In this cluster, I enabled the kubernetes API endpoint in Rancher. This deployed a container called kube-api-auth. Luckily this container grants all the privileges we need.
sudo ctr --address /run/k3s/containerd/containerd.sock --namespace k8s.io c ls | grep kube-api-auth 57d148cadbdceb998ab7be8e38f72dec1fa0fe8c6f313dcab19e09ba9245eb1f docker.io/rancher/kube-api-auth:v0.1.6 io.containerd.runc.v2
There may be two containers displayed. One of them is the pause container which serves as a special init process. If you want to know why here’s a good blog post.
Inspect the container and look for the volume mount kube-api-access:
sudo ctr --address /run/k3s/containerd/containerd.sock --namespace k8s.io c info 57d148cadbdceb998ab7be8e38f72dec1fa0fe8c6f313dcab19e09ba9245eb1f | grep kube-api-access "source": "/var/lib/kubelet/pods/972647f6-e514-40c6-a0a0-6891898a2dec/volumes/kubernetes.io~projected/kube-api-access-vj98z"
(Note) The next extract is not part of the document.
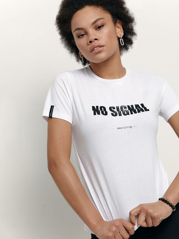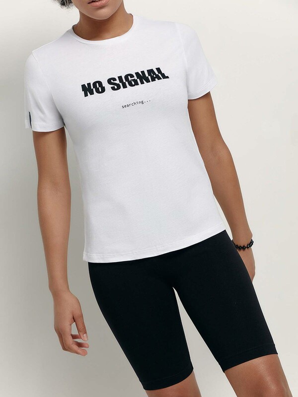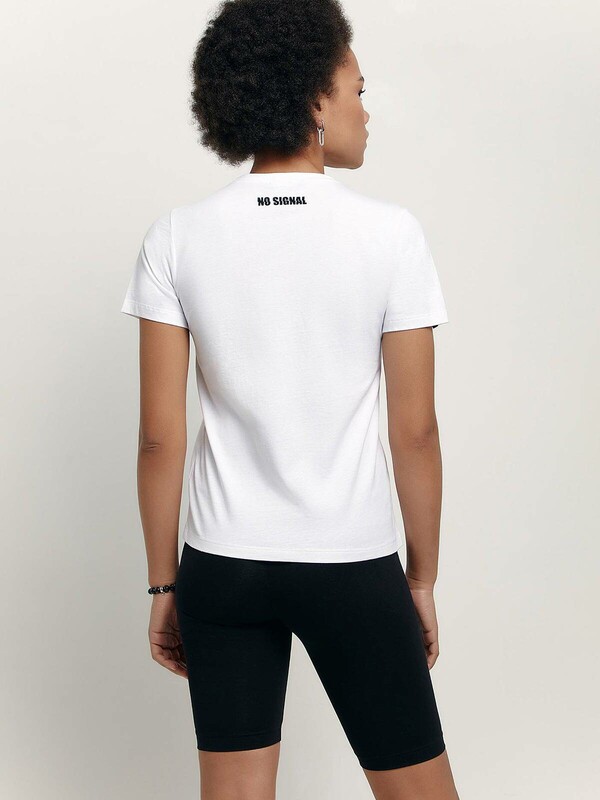 Базовая футболка прямого кроя «No signal» из мягкого хлопка сочетает в себе минимализм и оригинальные тенденции уличной моды. · прямой силуэт· круглый вырез горловины с планкой· короткие рукава c нашивкой «Designed for emotions»· объемный печатный рисунок «No signal»· мягкий 100% хлопок· устойчивый цвет и сохранение формы при соблюдении рекомендаций по уходу· стильная база для повседневных образов.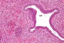 - ↑ Palatnik A, Narayan R, Walters M (November 2012). "Extramedullary hematopoiesis involving uterus, fallopian tubes, and ovaries, mimicking bilateral tuboovarian abscesses". International Journal of Gynecological Pathology. 31 (6): 584–7. doi:10.1097/PGP.0b013e31825183ad. PMID 23018220.

sudo ls /var/lib/kubelet/pods/972647f6-e514-40c6-a0a0-6891898a2dec/volumes/kubernetes.io~projected/kube-api-access-vj98z ca.crt namespace token
The JWT token can be extracted from the ‘token’ file. With this we’re going to effectively impersonate this container and the use the privileges that it has:
sudo cat /var/lib/kubelet/pods/972647f6-e514-40c6-a0a0-6891898a2dec/volumes/kubernetes.io~projected/kube-api-access-vj98z/token eyJhbGciOi...My
Kubectl needs the CA certificate to validate the SSL certificate:
sudo cat "/var/lib/kubelet/pods/22d4bf53-2f87-4d58-9272-9c4d0bad47f2/volumes/kubernetes.io~projected/kube-api-access-tl4qz/ca.crt" | base64 -w 0 ; echo LS0tLS1CRUdJTiBDRVJUSUZJQ0FURS0tLS0tCk1JSUJlVENDQVIrZ0F3SUJBZ0lCQURBS0JnZ3Foa2pPUFFRREF[...]RU5EIENFUlRJRklDQVRFLS0tLS0K
Edit ~/.kube/config and insert the content:
apiVersion: v1 kind: Config clusters: - name: "my-new-cluster" cluster: server: "https://{myip}:6443" certificate-authority-data: "{base64d ca.crt}" users: - name: "my-new-user" user: token: "{contents of /token}" contexts: - name: "new-cluster" context: user: "my-new-user" cluster: "my-new-cluster" current-context: "new-cluster"
After that you should be able to use kubectl to launch whatever resources you need.